Cuando en 1936 le amputaron una pierna, la mamá de Nennolina le dijo: «Hija, tú dijiste que si Jesús quería tu mano, tú se la darías. Ahora te ha pedido que le des tu pierna», a lo que ella respondió: «Le he dado mi pierna a Jesús».
 
¿Su testimonio mayor? Una enfermedad vivida en la fe, ofreciendo sus padecimientos a Dios por la conversión de los pecadores, que la llevó a la muerte el 3 de julio 1937. «Todos sus dolores los ofrecía. Hasta el punto de que, cuando se cumplió un año de la amputación, ella lo celebró muy contenta, porque era un año de ofrecimiento a Jesús», declaró Margarita, hermana de Nennolina, a la agencia Zenit (cf. 23.02.2009). En su última carta antes de morir escribió a Jesús con estas palabras: «Yo te doy las gracias porque tú me has mandado esta enfermedad, pues es un medio para llegar al paraíso».
 
Otro caso de vida es el de María del Pilar Cimadevilla López Dóriga, Pilina, una niña madrileña quien también ofreció su enfermedad y oraciones, aunque ella concretamente por las misiones.

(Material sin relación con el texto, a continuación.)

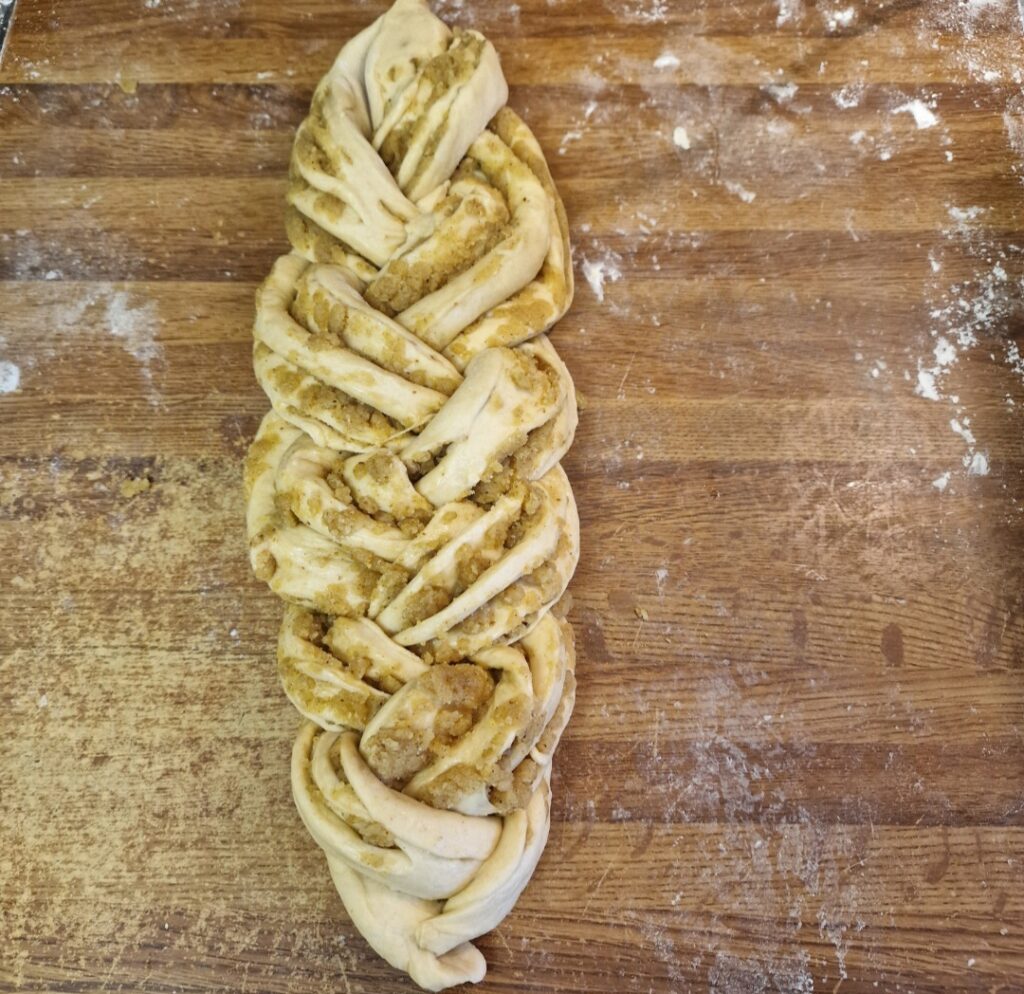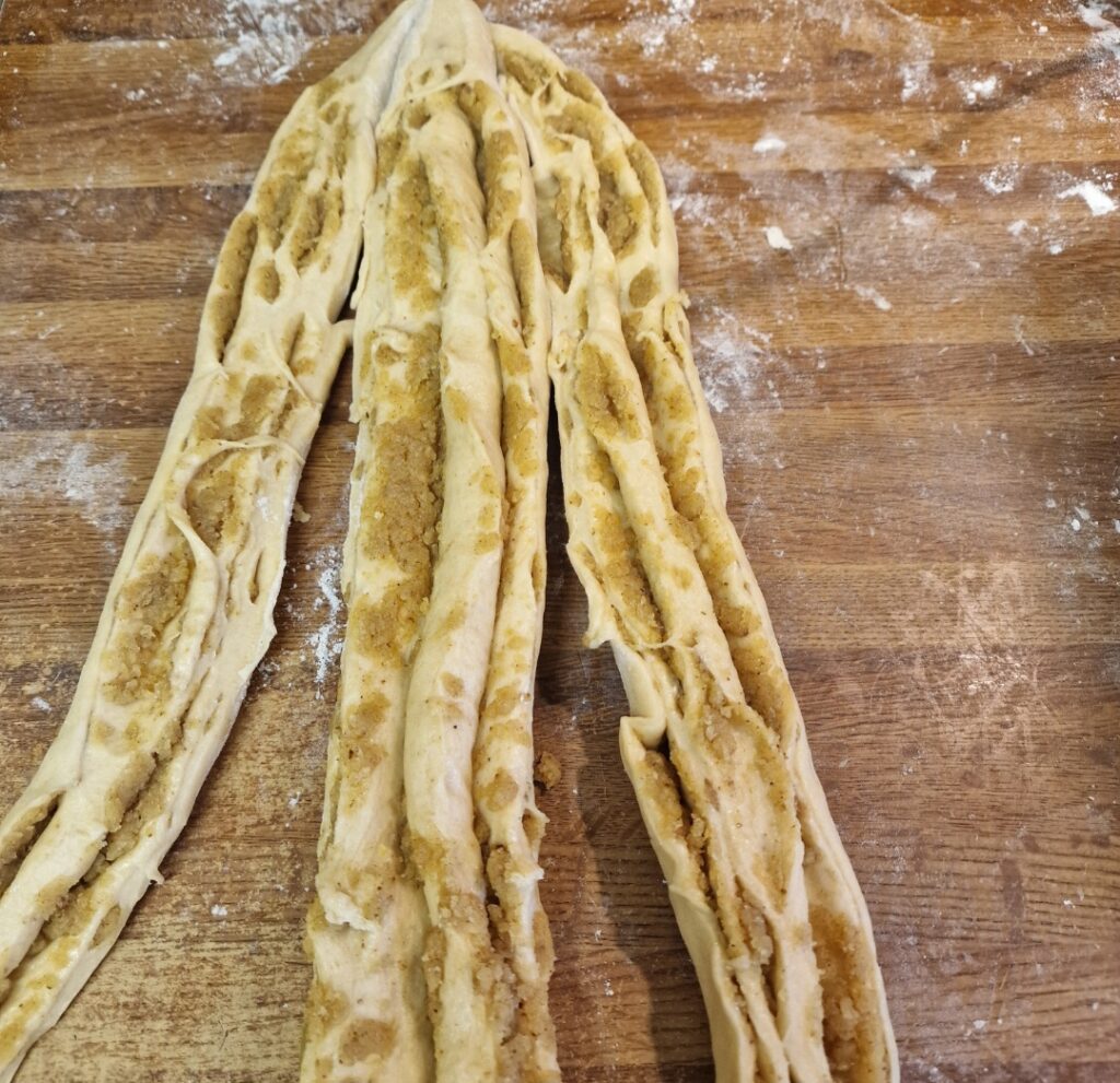 Den Teig und die Masse aus dem Kühlschrank nehmen und 1 Stunde aklimatisieren lassen. Danach den Teig auf einer bemehlten Arbeitsfläche zu einem Rechteck von etwa 45×35 Zentimeter ausrollen. Die Masse möglichscht gleichmässig darauf verteilen und von der Seite her zu einer Rolle aufrollen. Die Rolle dann längs in etwa 3 gleich dicke Teile teilen

Por ese motivo se le conoce como la «niña misionera» y su causa de beatificación ya esta incoada.
 
¿Y sólo niñas? No, también hay varoncitos valientes e incluso prestos al martirio por causa de su fe.
 
«¡Mi general, aquí está mi caballo: sálvese usted, aunque a mí me maten! Yo no hago falta, y usted sí». Fueron las palabras de José Luis Sánchez a un general mexicano que luchó contra la persecución cristiana en México.
 
Con apenas 13 años, José Luis se enroló en las filas del ejército cristero. Capturado por las fuerzas del gobierno persecutor, le cortaron las plantas de los pies y lo obligaron a caminar por las calles de su pueblo, Sahuayo, hasta el cementerio. Ahí le dieron la oportunidad de continuar viviendo si renegaba de su fe. ¿La respuesta? «¡Viva Cristo Rey!».  Y murió mártir. Fue beatificado el 20 de noviembre de 2005.
 
Las historias de estos héroes de carne y hueso podrían seguir. Sus vidas, que hoy son un patrimonio de la Iglesia abierto al mundo, llevan nuestros ojos a Dios y nos estimulan a imitar las virtudes. La santidad es contagiosa y los santos ayudan a generar más santos; animan a seguir, en definitiva, las huellas de Cristo porque ellos nos hacen más creíble la Palabra de Dios y el Evangelio.